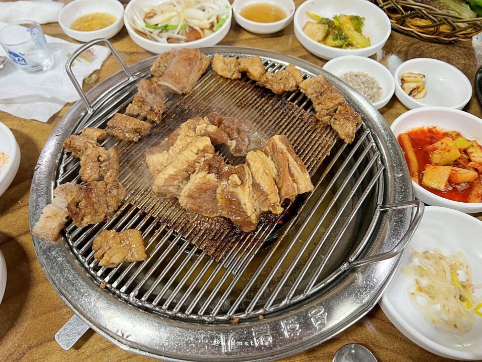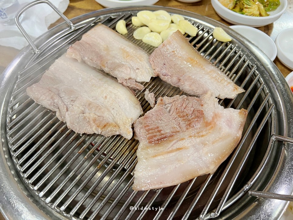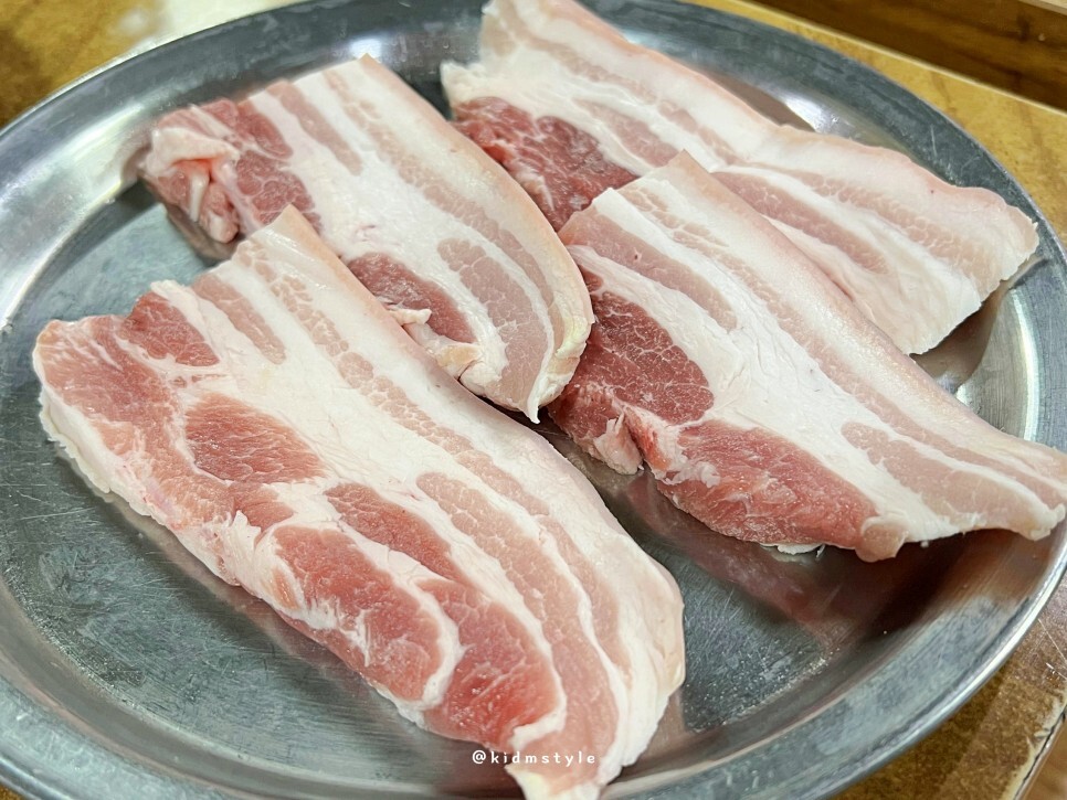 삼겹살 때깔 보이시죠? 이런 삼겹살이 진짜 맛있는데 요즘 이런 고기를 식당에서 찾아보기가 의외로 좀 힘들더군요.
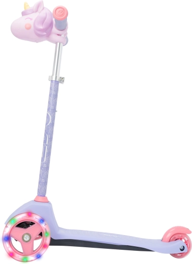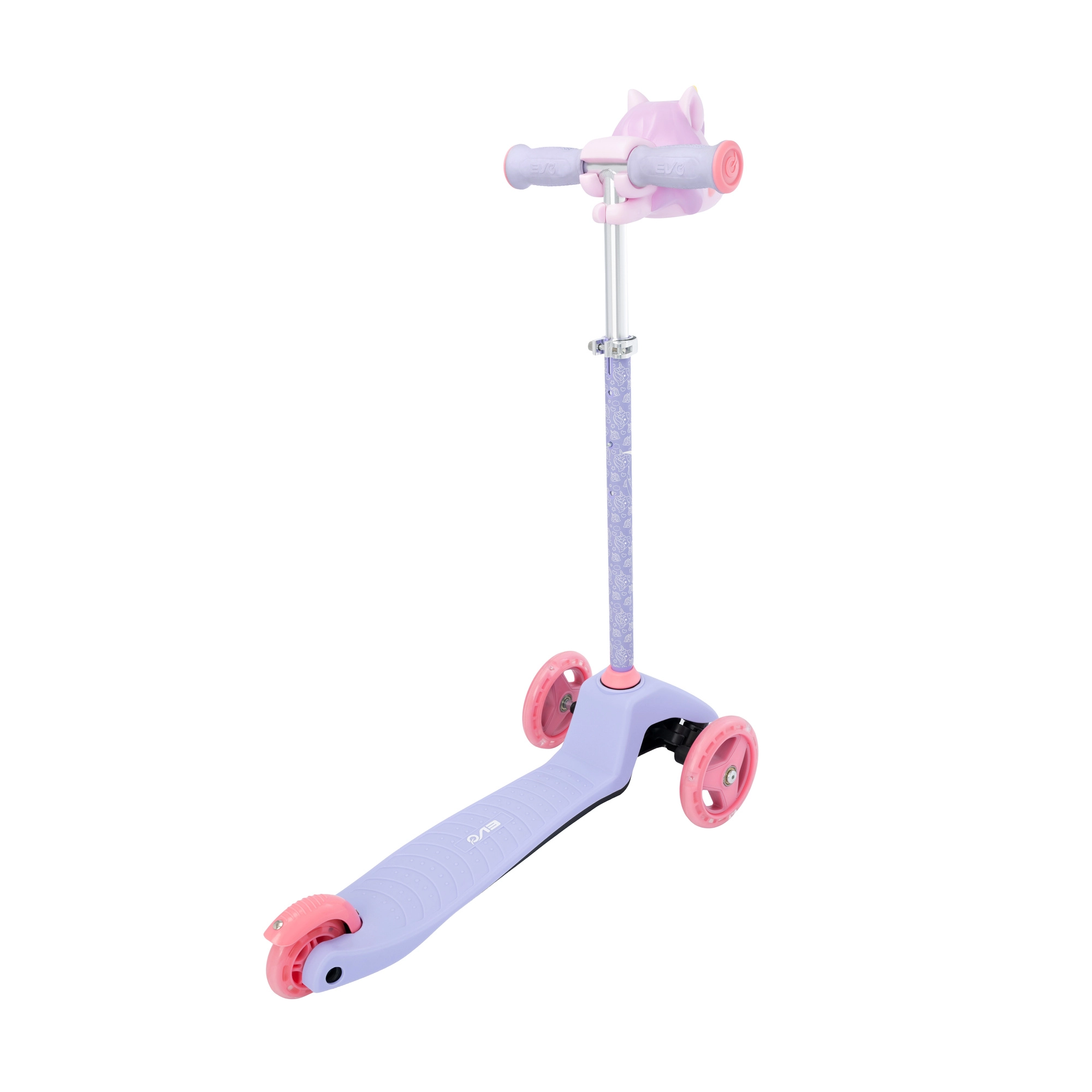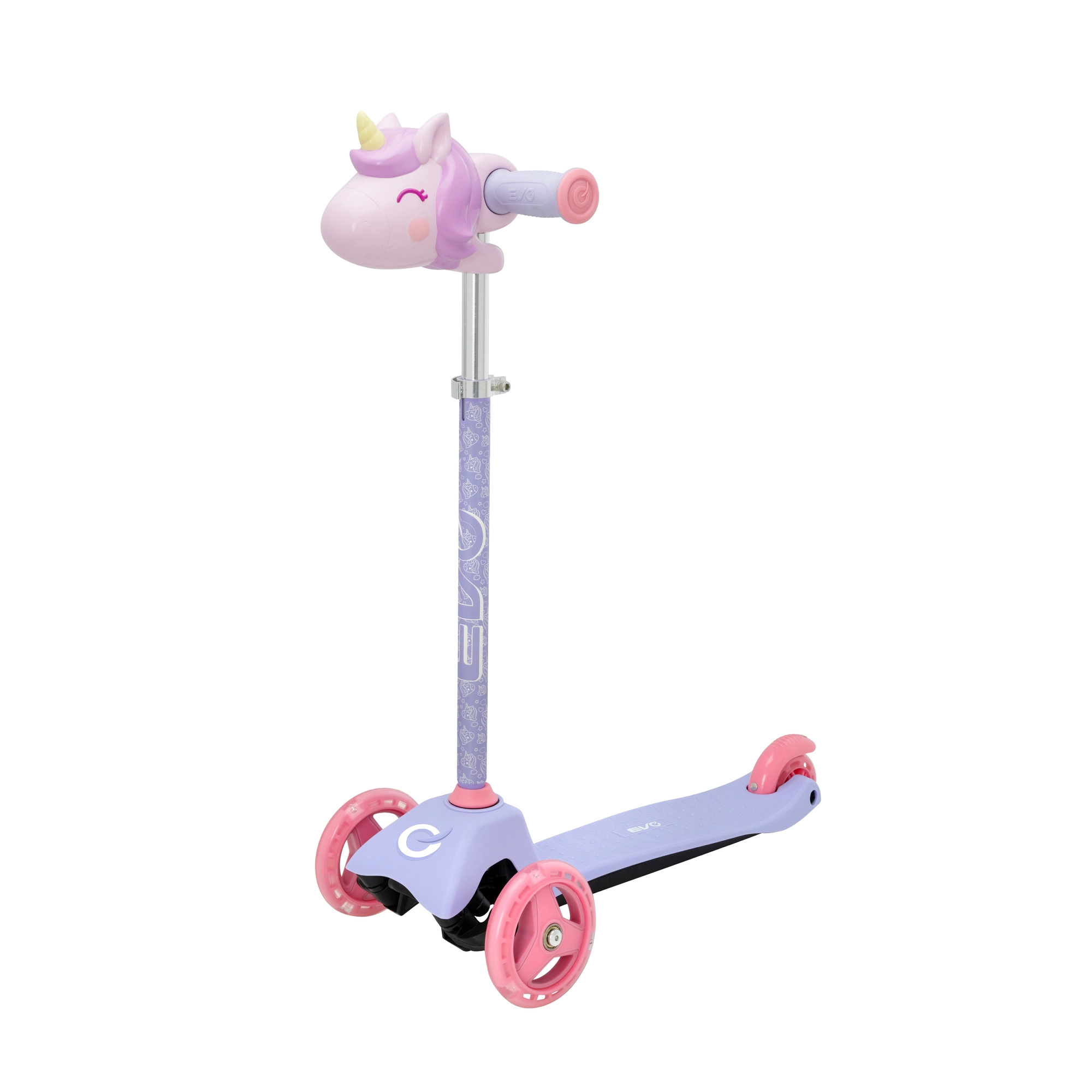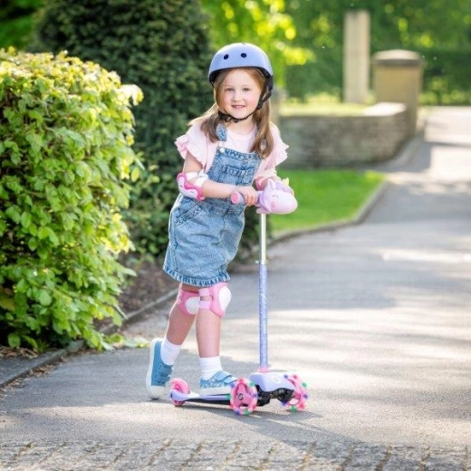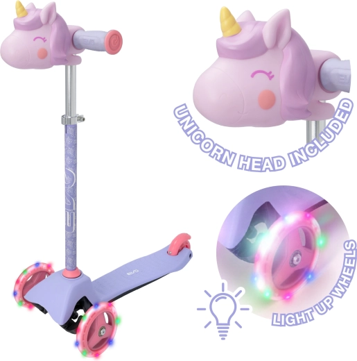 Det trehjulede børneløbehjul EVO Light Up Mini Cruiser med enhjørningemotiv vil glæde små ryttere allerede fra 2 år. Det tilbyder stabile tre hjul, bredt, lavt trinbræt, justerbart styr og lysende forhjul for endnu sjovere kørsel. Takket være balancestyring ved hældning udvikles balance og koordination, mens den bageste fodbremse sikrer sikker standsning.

---

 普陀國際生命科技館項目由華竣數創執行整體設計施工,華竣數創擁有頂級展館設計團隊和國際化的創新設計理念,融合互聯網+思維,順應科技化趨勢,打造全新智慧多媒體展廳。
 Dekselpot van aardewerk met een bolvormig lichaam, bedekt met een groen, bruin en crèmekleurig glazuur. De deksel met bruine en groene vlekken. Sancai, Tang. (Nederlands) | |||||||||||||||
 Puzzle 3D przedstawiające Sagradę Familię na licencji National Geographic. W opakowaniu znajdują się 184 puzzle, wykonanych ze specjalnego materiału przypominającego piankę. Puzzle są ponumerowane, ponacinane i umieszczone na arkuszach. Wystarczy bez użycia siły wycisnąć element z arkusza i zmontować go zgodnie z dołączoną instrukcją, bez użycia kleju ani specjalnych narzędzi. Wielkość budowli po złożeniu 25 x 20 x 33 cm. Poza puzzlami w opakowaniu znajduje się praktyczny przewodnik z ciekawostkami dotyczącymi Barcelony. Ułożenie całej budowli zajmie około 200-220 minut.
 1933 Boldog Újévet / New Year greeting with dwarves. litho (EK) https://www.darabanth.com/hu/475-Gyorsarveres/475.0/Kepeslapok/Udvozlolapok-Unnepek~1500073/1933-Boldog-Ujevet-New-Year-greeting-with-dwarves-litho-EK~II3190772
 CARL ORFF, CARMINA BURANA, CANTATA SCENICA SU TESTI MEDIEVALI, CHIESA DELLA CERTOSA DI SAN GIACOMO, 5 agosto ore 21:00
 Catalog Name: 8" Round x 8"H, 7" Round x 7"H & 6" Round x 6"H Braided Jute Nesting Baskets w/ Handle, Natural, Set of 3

[Assignment]
Both end lines included, restate word for word the lines above from the line with "Dekselpot van aardewerk" to the line with "Natural, Set of 3", and nothing else.

[Written solution]
 Dekselpot van aardewerk met een bolvormig lichaam, bedekt met een groen, bruin en crèmekleurig glazuur. De deksel met bruine en groene vlekken. Sancai, Tang. (Nederlands) | |||||||||||||||
 Puzzle 3D przedstawiające Sagradę Familię na licencji National Geographic. W opakowaniu znajdują się 184 puzzle, wykonanych ze specjalnego materiału przypominającego piankę. Puzzle są ponumerowane, ponacinane i umieszczone na arkuszach. Wystarczy bez użycia siły wycisnąć element z arkusza i zmontować go zgodnie z dołączoną instrukcją, bez użycia kleju ani specjalnych narzędzi. Wielkość budowli po złożeniu 25 x 20 x 33 cm. Poza puzzlami w opakowaniu znajduje się praktyczny przewodnik z ciekawostkami dotyczącymi Barcelony. Ułożenie całej budowli zajmie około 200-220 minut.
 1933 Boldog Újévet / New Year greeting with dwarves. litho (EK) https://www.darabanth.com/hu/475-Gyorsarveres/475.0/Kepeslapok/Udvozlolapok-Unnepek~1500073/1933-Boldog-Ujevet-New-Year-greeting-with-dwarves-litho-EK~II3190772
 CARL ORFF, CARMINA BURANA, CANTATA SCENICA SU TESTI MEDIEVALI, CHIESA DELLA CERTOSA DI SAN GIACOMO, 5 agosto ore 21:00
 Catalog Name: 8" Round x 8"H, 7" Round x 7"H & 6" Round x 6"H Braided Jute Nesting Baskets w/ Handle, Natural, Set of 3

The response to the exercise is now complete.